Statistical analysis
Six MR methods, namely inverse variance weighted (random effects) (IVW-RE), IVW (fixed effects) (IVW-FE), Weighted median, MR Egger, Simple mode, and Weighted mode were employed to estimate the relationship between TL and 11 HDs. In cases where the causal effect estimates from the six models were inconsistent, the results from the IVW-RE or IVW-FE method were considered as the primary outcome. The odds ratio (OR) and the corresponding 95% confidence interval (CI) were used to estimate the degree of causality, with OR>1 indicating exposure as a risk factor for the outcome, OR<1 indicating exposure as a protective factor for the outcome, and p < 0.05 indicating statistically significant causality. The Cochran’s Q test was utilized to detect heterogeneity between IVs, with p < 0.05 indicating heterogeneity. When there is no heterogeneity, IVW-FE is chosen; when heterogeneity exists, IVW-RE is chosen [18]. Sensitivity analysis was mainly conducted using the leave-one-out method, whereby one SNP was removed at a time to assess the stability and reliability of the causal relationship between the remaining SNPs and the outcome. An MR Egger intercept test was performed to detect the presence of directional pleiotropy in the IVs, with p < 0.05 indicating directional pleiotropy. Funnel plots were generated to assess directional pleiotropy. The MR analysis was implemented in R software (version 4.3.1) using the R package “TwoSampleMR” (version 0.5.6).
RESULTS
The impact of genetically predicted changes in TL on the risk of developing 11 HDs were analyzed, and the findings were presented in Figure 2. The IVW-FE/IVW-RE analysis revealed a significant causal relationship (p < 0.05) between genetically predicted TL changes and the risk of developing ALL (IVW-FE: OR = 3.380, 95% CI: 1.520–7.516, p = 0.003), AML (IVW-FE: OR = 2.260, 95% CI: 1.098–4.652, p = 0.027), CLL (IVW-FE: OR = 3.052, 95% CI: 1.986–4.690, p < 0.001), MANTLE (IVW-FE: OR = 3.133, 95% CI: 1.434–6.843, p = 0.004), and HODGKIN (IVW-FE: OR = 1.854, 95% CI: 1.265–2.717, p = 0.002).

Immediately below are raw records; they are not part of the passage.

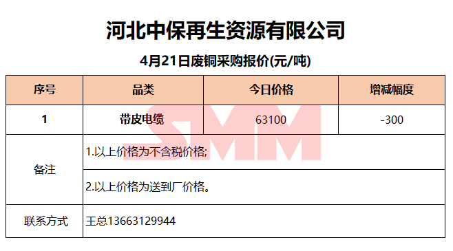 4月21日河北中保 废铜采购报价
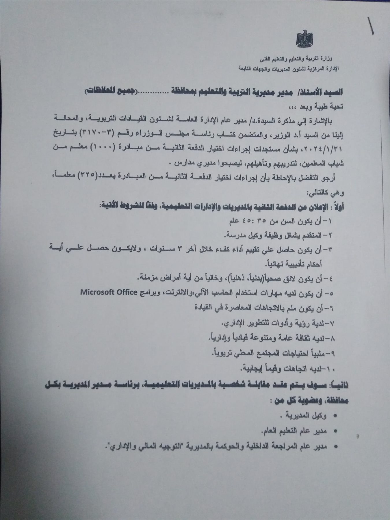 عممت وزارة التربية والتعليم والتعليم الفني، خطاب على المديريات التعليمية، عن مستجدات اجراءات اختيار الدفعة الثانية من مبادرة (۱۰۰۰) معلم من شباب المعلمين، لتدريبهم وتأهيلهم، ليصبحوا مديري مدارس.
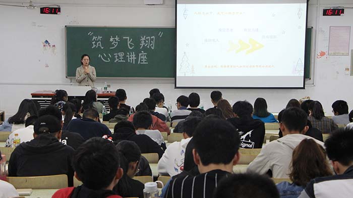 为推动公司员工心理健康教育工作有序开展,加强老员工的素质教育,推动和谐校园氛围,太阳成tyc122cc于2019年10月18日下午15:40在仁智201举办了“逐梦飞翔”心理讲座。校心理健康教育中心胡明慧老师、院团委副书记朱嫣丹老师、员工会副主席陆建国以及2019级全体大一新生参加了本次活动。
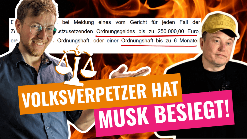 2.880 Volksverpetzer gewinnt gegen X! Muss Musk in den Knast? von Thomas Laschyk | Dez. 19, 2025 | Aktuelles Wir haben gegen X – ehemals Twitter – geklagt. Und in einem wesentlichen Punkt gewonnen! Musk bzw. X wollen sich nicht an deutsches Recht halten. Unser Erfolg könnte sogar zu einem Ordnungsgeld von bis zu…
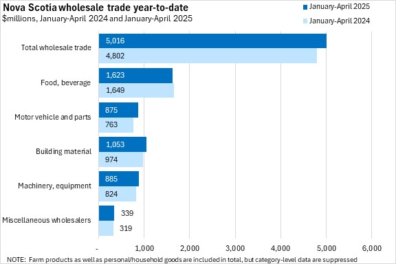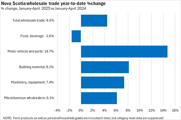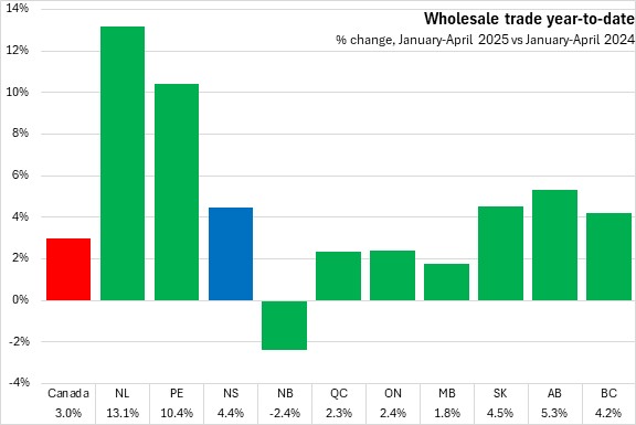 Nova Scotia wholesale trade increased 4.4% in the first four months of 2025 compared to the same period of 2024. Canada's wholesale trade increased 3.0%. All provinces except New Brunswick reported year-to-date increases in wholesale trade. Newfoundland and Labrador reported the fastest gain.
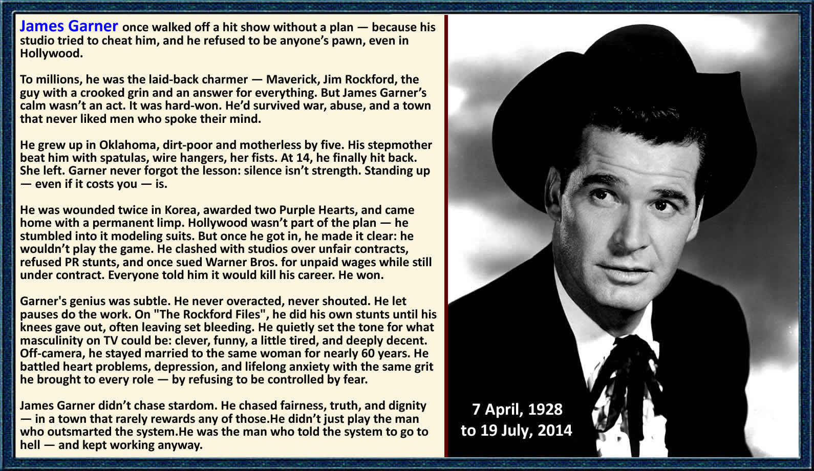 James Scott Garner (né Bumgarner; April 7, 1928 – July 19, 2014) was an American actor. He played leading roles in more than 50 theatrical films, which included The Great Escape (1963) with Steve McQueen; Paddy Chayefsky's The Americanization of Emily (1964) with Julie Andrews; Cash McCall (1960) with Natalie Wood; The Wheeler Dealers (1963) with Lee Remick; Darby's Rangers (1958) with Stuart Whitman; Roald Dahl's 36 Hours (1965) with Eva Marie Saint; as a Formula 1 racing star in Grand Prix (1966); Raymond Chandler's Marlowe (1969) with Bruce Lee; Support Your Local Sheriff! (1969) with Walter Brennan; Blake Edwards's Victor/Victoria (1982) with Julie Andrews; and Murphy's Romance (1985) with Sally Field, for which he received an Academy Award nomination. He also starred in several television series, including popular roles such as Bret Maverick in the ABC 1950s Western series Maverick and as Jim Rockford in the NBC 1970s private detective show, The Rockford Files. Garner's career and popularity continued into the 21st century with films such as Space Cowboys (2000) with Clint Eastwood; the animated film Atlantis: The Lost Empire (2001) (voice work) with Michael J. Fox and Cree Summer; The Notebook (2004) with Gena Rowlands and Ryan Gosling; and in his TV sitcom role as Jim Egan in 8 Simple Rules (2003–2005). Military service Garner enlisted in the California Army National Guard, serving his first 7 months in California. He was deployed to Korea during the Korean War, and spent 14 months as a rifleman in the 5th Regimental Combat Team, then part of the 24th Infantry Division. He was wounded twice: in the face and hand by fragmentation from a mortar round, and in the buttocks by friendly fire from U.S. fighter jets as he dove into a foxhole. Garner would later joke that "there was a lot of room involving my rear end. How could they miss?" Garner received the Purple Heart in Korea for his initial wounding. He also qualified for a second Purple Heart (for which he was eligible, since he was hit by friendly fire which "was released with the full intent of inflicting damage or destroying enemy troops or equipment"), but did not actually receive it until 1983, 32 years after the event. This was apparently the result of an error which was not rectified until Garner appeared on Good Morning America in November 1982, with presenter David Hartman making inquiries "after he learned of the case on his television show". At the ceremony where he received his second Purple Heart, Garner understated: "After 32 years, it's better to receive this now than posthumously". Reflecting on his military service, Garner recalled: "Do I have fond memories? I guess if you get together with some buddies it's fond. But it really wasn't. It was cold and hard. I was one of the lucky ones." |
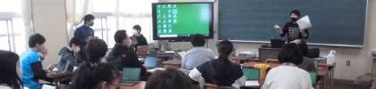 南中学校は今日も元気に活動中です。先生たちは、新学期にそなえて一人一台パソコンを準備しましたよ。はじめてのことも、難しいことも、みんなで勉強して解決するのです。

And among all the positive results, the results of the six MR methods were consistent (OR > 1), indicating that our analysis was reliable. The scatter plots also showed the consistency of the six MR methods and the reliability of the results (Figure 3).
Figure 2.
Forest plot illustrating the association between genetically predicted TL and 11 HDs. Abbreviations: TL: telomere length; HDs: hematologic diseases; IVW-RE: inverse variance weighted (random effects); IVW-FE: inverse variance weighted (fixed effects); OR: odds ratio; CI: confidence interval; ALL: acute lymphocytic leukemia; AML: acute myeloid leukemia; CLL: chronic lymphocytic leukemia; CML: chronic myeloid leukemia; DLBCL: diffuse large b-cell lymphoma; FOLLICULAR: follicular lymphoma; HODGKIN: Hodgkin lymphoma; MANTLE: mantle cell lymphoma; MARGINAL: marginal zone b-cell lymphoma; MONOCYTIC: monocytic leukemia; TNK: mature T/NK-cell lymphomas.
Figure 3.
Six MR methods demonstrated the causal effect of TL on HDs. (A) Scatter plot illustrating the association between TL and ALL. (B) Scatter plot illustrating the association between TL and AML. (C) Scatter plot illustrating the association between TL and CLL. (D) Scatter plot illustrating the association between TL and HODGKIN. (E) Scatter plot illustrating the association between TL and MANTLE. Abbreviations: MR: Mendelian randomization; TL: telomere length; HDs: hematologic diseases; ALL: acute lymphocytic leukemia; AML: acute myeloid leukemia; CLL: chronic lymphocytic leukemia; HODGKIN: Hodgkin lymphoma; MANTLE: mantle cell lymphoma.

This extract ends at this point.